Program

Education Programs: Enduring Questions: Pilot Course Grants

Period of Performance

8/1/2014 - 5/31/2017

Funding Totals

$32,995.00 (approved)
$32,995.00 (awarded)


NEH Enduring Questions Course on Religious Tolerance

FAIN: AQ-50990-14

Georgia State University Research Foundation, Inc. (Atlanta, GA 30302-3999)
Andrew Altman (Project Director: September 2013 to August 2017)
Abbas Barzegar (Co Project Director: May 2016 to August 2017)

The development of a mid-level undergraduate course on religious tolerance in Jewish, Christian, Islamic, and secular traditions.

The development of a mid-level undergraduate course on religious tolerance from Jewish, Christian, Islamic and secular traditions. Andrew Altman (professor of philosophy) and Abbas Barzegar (assistant professor of religious studies) develop a fourteen-week seminar for sophomores and juniors that examines the ethical questions arising from religious difference. They consider a range of competing answers to the questions across the centuries from both religious and secular sources. Students study and debate the perspectives offered through four main course units. The first, on the emergence of religious tolerance in Christian Europe, counterpoints readings from medieval and early modern Christian theologians such as Augustine, Luther, and Calvin, who argued against tolerating heretical views, with defenses of tolerance from such thinkers as Locke, Spinoza, and Mendelssohn. The second unit explores how major thinkers of the Islamic world addressed issues of tolerance and intolerance. Students read works by medieval authors justifying ecumenical and inter-religious exchange (al-Ghazali and Ibn 'Arabi) or advocating exclusion (Ibn Tamiyya) and then consider contemporary theorists (such as Tariq Ramadan) who consider Islam's relationship to values of freedom and equality. The third section, From Jewish Emancipation to the Holocaust: The Spread and Collapse of Enlightenment Values, examines Enlightenment-era debates on Jewish emancipation in Europe followed by the rise of Nazi anti-Semitism, with readings from Arendt, Goldhagen, and Levinas. The final unit takes up contemporary issues of tolerance for liberal democracies, offering perspectives from philosophy (Rawls), political theory (Andrew March), and Islamic studies (Vincent Cornell).
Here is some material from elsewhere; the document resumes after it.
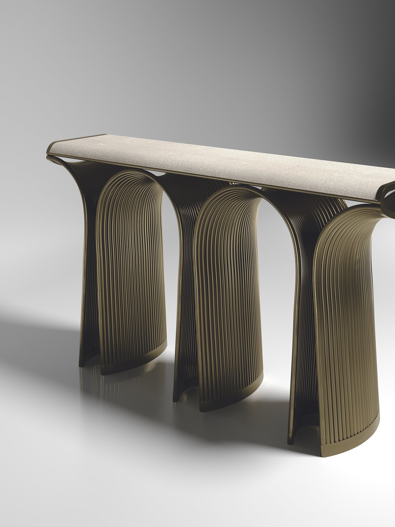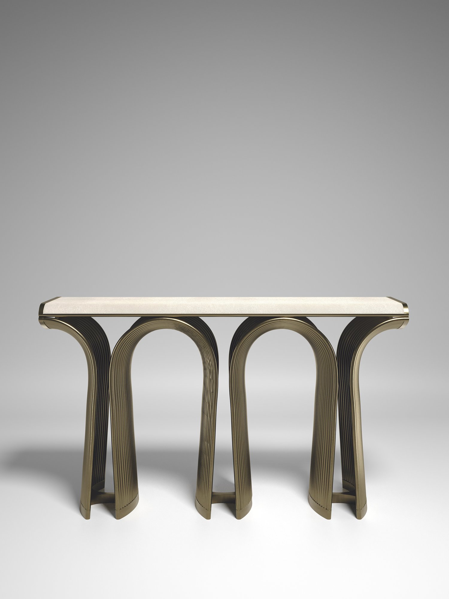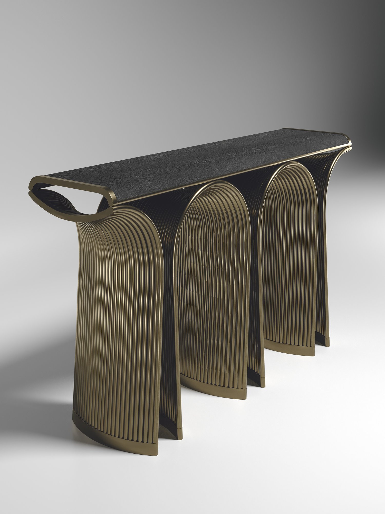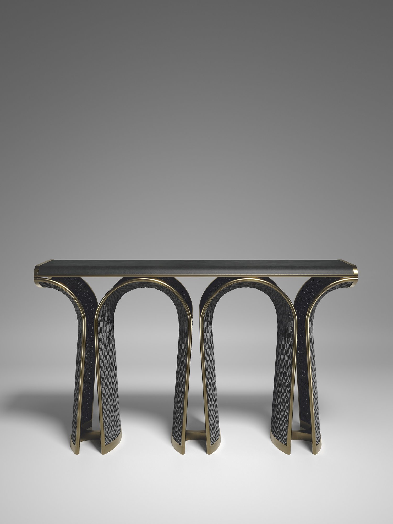 The Nymphea Console by R & Y Augousti explores the brand's iconic DNA of bringing old world artisanal craft into a contemporary and utterly luxury feel. This table is done in 3 variations: a rattan base with an inlaid top, a bronze-patina brass rod base with an inlaid top and all shagreen or shell. Custom sizing/finishing on request

Students write three papers; in addition, they contribute to a publicly accessible course website containing information and analyses of historical and current events related to religious tolerance. The university's Center for Ethics, where Altman serves as Director of Research, collaborates in offering course-related forums, open to the campus and the public, for scholars to discuss issues of tolerance.